The current analysis evaluated nucleoside-naive patients from two

The current analysis evaluated nucleoside-naive patients from two phase 3 entecavir studies [hepatitis B e antigen (HBeAg)-positive (ETV-022) and HBeAg-negative (ETV-027)] who subsequently entered an open-label rollover study (ETV-901) and received entecavir for a total duration of at least 3 years. During the phase 3 program, patients

received 0.5 mg of entecavir daily, and during the long-term rollover study, all patients received 1.0 mg of entecavir daily. Some patients received concurrent lamivudine (100 mg daily) for a brief period of time early in the rollover study before they continued on entecavir monotherapy (1.0 mg daily) after the protocol MI-503 solubility dmso was amended. Patients and investigators could discontinue entecavir therapy in the rollover study at any time, and patients who discontinued therapy were to be followed for 24 weeks to assess safety. The study protocol

was approved by the ethics committees at all participating institutions, and written, informed consent was obtained from all patients. The study was carried out in accordance with the ethics principles of the Declaration of Helsinki and was consistent with good clinical practice guidelines and local regulatory requirements. Complete inclusion criteria for enrollment in the ETV-022 (HBeAg-positive) and ETV-027 (HBeAg-negative) studies have been described previously.21, 22 Some key inclusion criteria were as follows: age GSK-3 inhibitor ≥16 years; serological diagnosis of CHB; compensated liver function; absence of coinfection with hepatitis C, hepatitis D, or human immunodeficiency virus; no more than 12 weeks of prior lamivudine therapy; and no use of interferon-α, thymosin-α, or antiviral agents with anti–hepatitis B activity within

tuclazepam 24 weeks of randomization.
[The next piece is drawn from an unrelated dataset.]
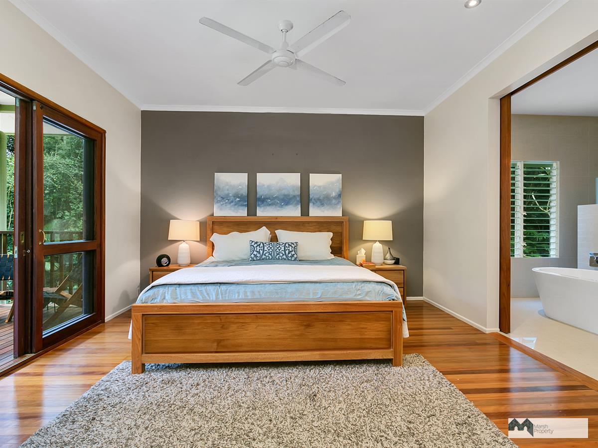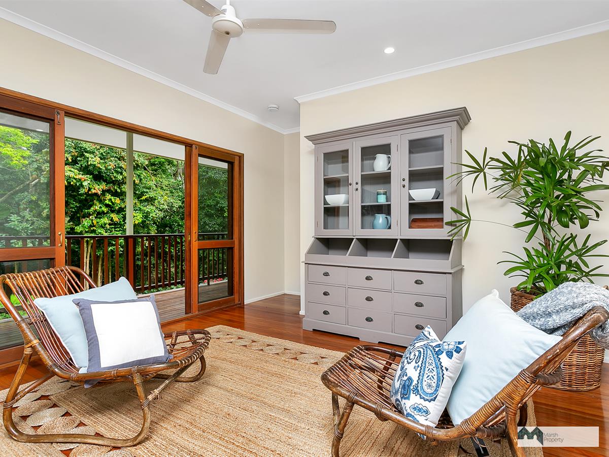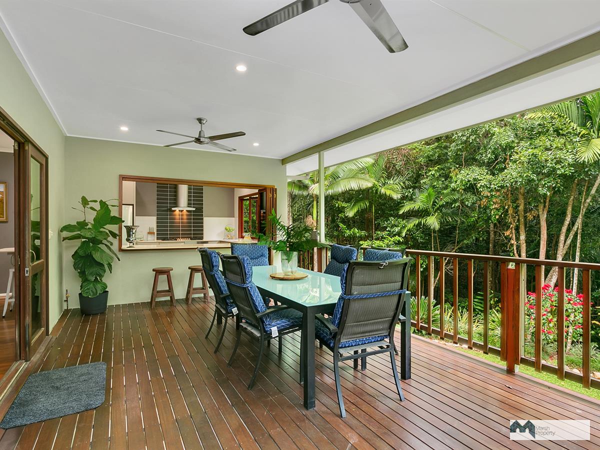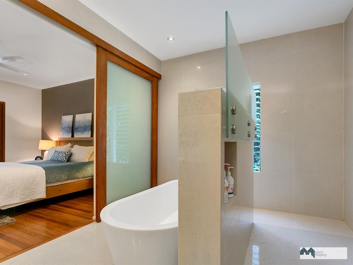 From the moment you step down from the street frontage across a man-made creek trickling over rocks through to a small ‘swimming pond’, the feeling of nature prevails. Surrounded by natural rainforest, beautiful tropical gardens and lawns, this home offers a sanctuary from the worries of the world.

A total of 293 nucleoside-naive patients treated with entecavir in the two pivotal phase 3 studies (ETV-022 and ETV-027) were enrolled into the ETV-901 long-term rollover study (Fig. 1). Of these 293 patients, 69 (24%) consented to undergo long-term liver biopsy (the long-term histology cohort). The primary reasons for not performing long-term liver biopsy in the 224 patients not part of the long-term histology cohort were as follows: (1) the patient was off study (44%), (2) the patient refused consent (33%), or (3) the investigator chose not to participate in the amended study (17%). Liver biopsy was performed at the baseline and again after 48 weeks of blinded entecavir therapy in the phase 3 studies. In the long-term rollover study, optional liver biopsy was offered at two time points: after an additional 48 weeks of treatment in the rollover study and after a protocol amendment for patients who had received at least 3 years of cumulative entecavir therapy.